Segment Start: STORED DATA
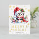 Create a stylish personalized Christmas card with a festive design that features a cute penguin in a red apparel sitting with a tiny snowman among holly berry greenery, golden yellow snowflakes and stars. This design is with some real foil elements on the front side that makes this card unique and luxury. A Merry & Bright saying and template text for greetings, family name and a year are on the card's front side. On the backside, there is a 2026 calendar (Sunday through Saturday).
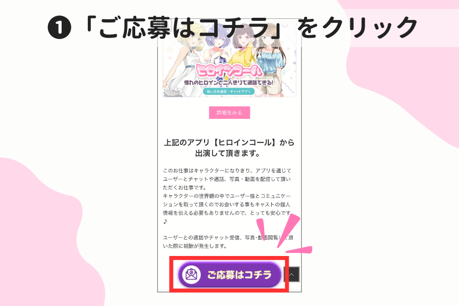 - 公式サイトから「ご応募はコチラ」をクリックする
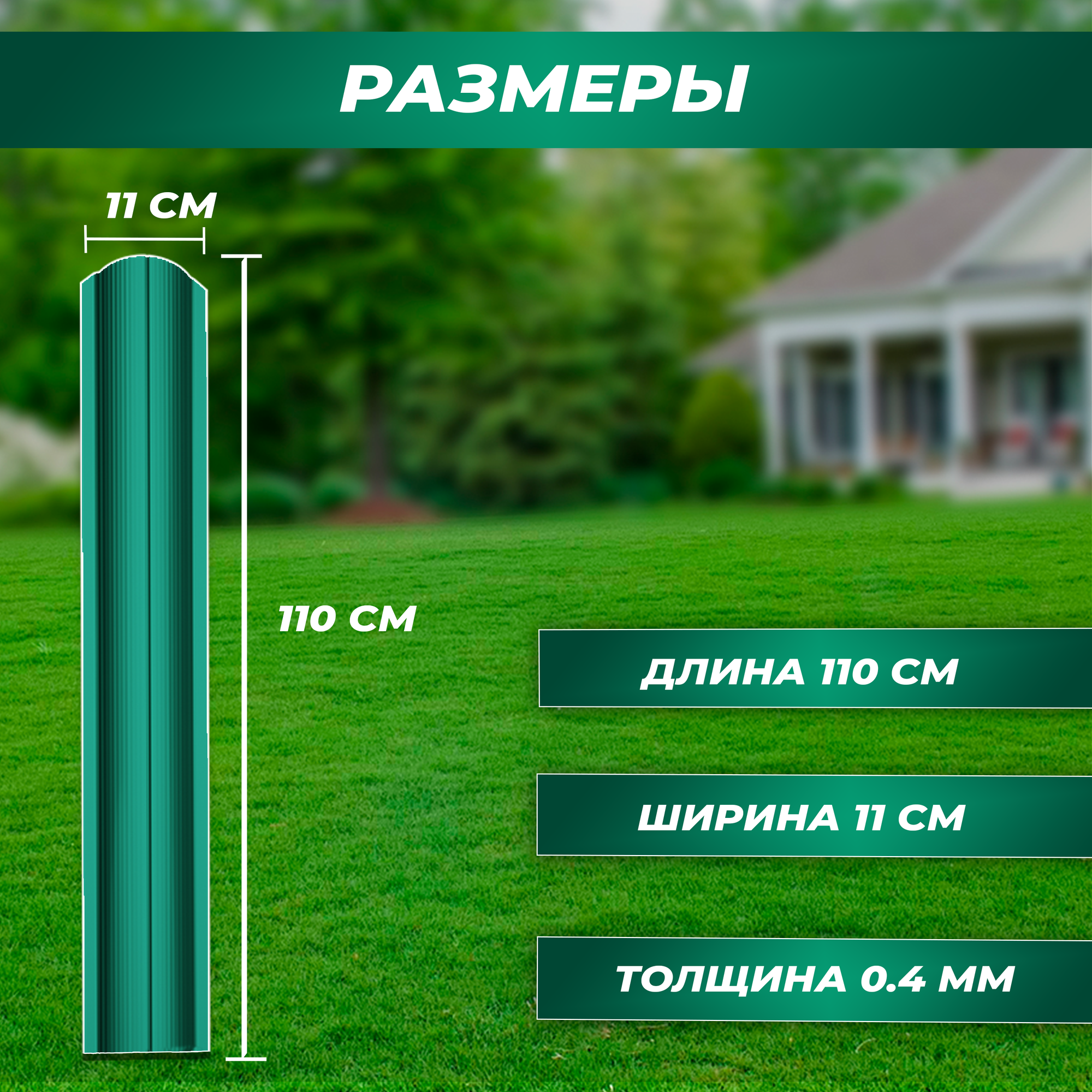 Штакетник металлический Волна (односторонний окрас, цвет зеленый мох, высота 1.1 м, ширина планки 11 см, 20 шт., саморезы в комплекте)
Segment End: STORED DATA
All that is needed is the exact run of lines from the start of the material above through the one containing "- 公式サイトから「ご応募はコチラ」をクリックする", pictures left out.

 Create a stylish personalized Christmas card with a festive design that features a cute penguin in a red apparel sitting with a tiny snowman among holly berry greenery, golden yellow snowflakes and stars. This design is with some real foil elements on the front side that makes this card unique and luxury. A Merry & Bright saying and template text for greetings, family name and a year are on the card's front side. On the backside, there is a 2026 calendar (Sunday through Saturday).
 - 公式サイトから「ご応募はコチラ」をクリックする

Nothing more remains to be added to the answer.